A formatação EOB varia de acordo com a seguradora, no entanto, todos os EOBs devem conter as seguintes informações.
Cada seção deste exemplo de EOB corresponde ao seguinte explicações.
Nome do inscrito e número da apólice: identifica o segurado. Geralmente, é o nome da pessoa que faz o seguro. Para crianças, isso provavelmente faria referência ao adulto associado ao plano.
Endereço do inscrito: indica o endereço do inscrito; isso deve ser verificado com cada reclamação. Um endereço errado pode causar problemas no pagamento de sinistros.
Nome do paciente e número de identificação do paciente: identifica o paciente que foi tratado ou recebeu atendimento e o número de identificação do paciente. Pode ser um número de associado ou outro número de identificação exclusivo.
Nº da reivindicação e data do processamento: um número atribuído pela seguradora para identificar a reivindicação em seu sistema de computador. A data indica a hora em que o sinistro (ou revisão) foi processado pela seguradora e serve como um registro de informações que estavam disponíveis neste momento.
Nome do Provedor: Identifica o nome do médico ou hospital que está cobrando pelos serviços. O revisor deve sempre verificar se isso corresponde ao atendimento recebido, tendo em mente que alguns serviços são realizados sem interação face a face com o paciente (incluindo trabalho de laboratório, radiologia, farmácia da instituição, etc.).
Detalhes do serviço, incluindo data e local do serviço: Indica a data em que o serviço foi prestado ao paciente e o local em que o serviço foi administrado. A localização pode ser importante durante a revisão, pois alguns serviços são cobertos apenas em locais específicos.
Código de cobrança: este número representa e identifica o serviço realizado específico para o seu diagnóstico, o equipamento usado e até mesmo o tipo de instalação onde atendimento foi recebido. Este código é universal no setor de saúde e seguros, mas é muito específico para os serviços recebidos. Isso terá um papel importante nas permissões de pagamento. Nota: Algumas seguradoras só podem fornecer essas informações por solicitação, no entanto, é seu direito obter este resumo detalhado com códigos.
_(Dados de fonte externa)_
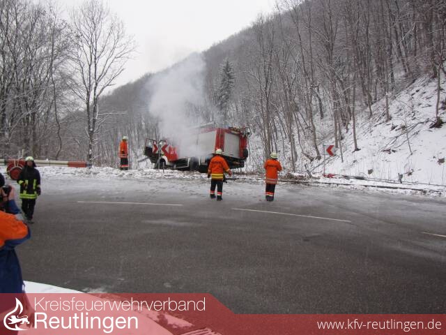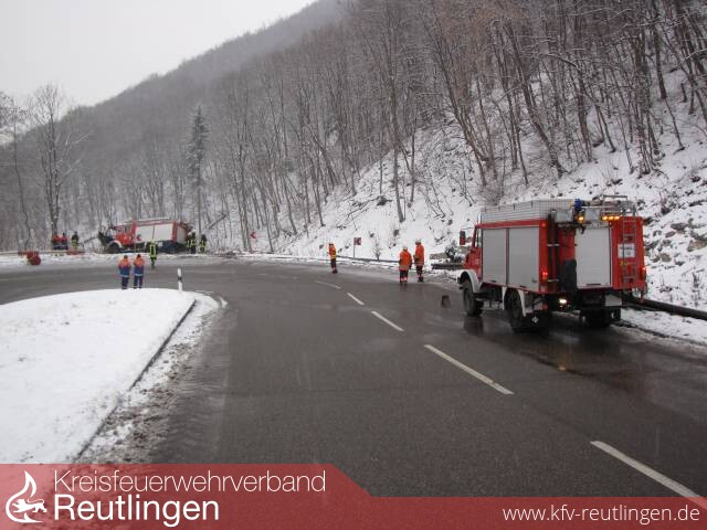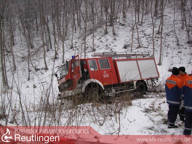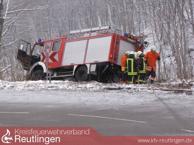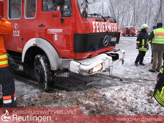 Um 9:34 Uhr wurde die Abteilung Unterhausen zu einem Hilfeleistungseinsatz nach einem Verkehrsunfall in der Honauer Steige alarmiert. Beim Eintreffen des Einsatzleiters an der Unfallstelle wurde ein LF16-TS der FF Mengen vorgefunden, das auf schneeglatter Fahrbahn ins Rutschen kam und die Leitplanke auf einer Länge von ca. 10m durchbrochen hatte.

Valor da cobrança: Valor cobrado pelo provedor relacionado ao seu atendimento. Isso representa a taxa normal que o provedor designou como apropriada para os serviços fornecidos. Pense nisso como o preço de varejo.
Valor permitido: Este é o valor pré-negociado pela sua seguradora e sua rede de provedores pelos serviços recebidos. Este valor também leva em consideração o que é conhecido como cobranças “usuais e habituais” (UCR) e é impactado pela localização geográfica do provedor.
Não coberto: valor que a seguradora designou como não coberto dentro do seu plano e, portanto, não qualificado para pagamento. Pode ser um provedor fora da rede ou um serviço específico que está fora dos benefícios do plano.
Código do motivo & Descrição: Quaisquer ajustes feitos aos valores listados na fatura serão referenciados aqui. Se um serviço foi negado, isso explica por que ele não foi coberto nas especificações do plano. Freqüentemente, mais detalhes desses códigos estão nas notas de rodapé ou documentação adicional do EOB, se não descrita ao lado do código.
Franquia: reflete o valor que o paciente deve pagar antes de ter os benefícios pagos. Geralmente, cada paciente terá sua própria franquia para cumprir de acordo com os detalhes do plano. Alguns planos têm diferentes evels para franquias dentro da rede e fora da rede e adicionais para franquias de farmácia. Os valores que não são cobertos pelo seu plano de seguro não são aplicados à franquia.
Co-pagamento: Este é o valor exigido do paciente ao buscar serviços de um provedor e está descrito no seguro linguagem do plano.
Valor do benefício / Valor do pagamento: Esta é a porcentagem ou valor que a seguradora pagará aos provedores em seu nome. O valor pago será determinado pela tabela de benefícios do seu plano. Geralmente, os provedores participantes e dentro da rede receberão uma porcentagem mais alta; Os provedores não participantes receberão uma porcentagem menor de toda a conta.
Devido do paciente / responsabilidade do paciente: é o valor que o paciente é responsável por pagar ao provedor. Isso inclui o valor do copagamento, o valor da franquia, bem como quaisquer despesas não cobertas associadas ao seu atendimento.
Informações de contato do atendimento ao cliente: este é o número de telefone e endereço de correspondência usados para entrar em contato com o departamento de atendimento ao cliente do seu seguro, caso tenha alguma dúvida ou preocupação relacionada a esta declaração.
Políticas e procedimentos relevantes: esta é uma seção importante que descreve os procedimentos para acompanhamento adicional relacionado ao seu atendimento médico e tratamento e reembolso de seguro. As informações sobre apelações estão listadas nesta seção e frequentemente são sensíveis ao tempo. O processo de reenvio de reivindicações também é identificado.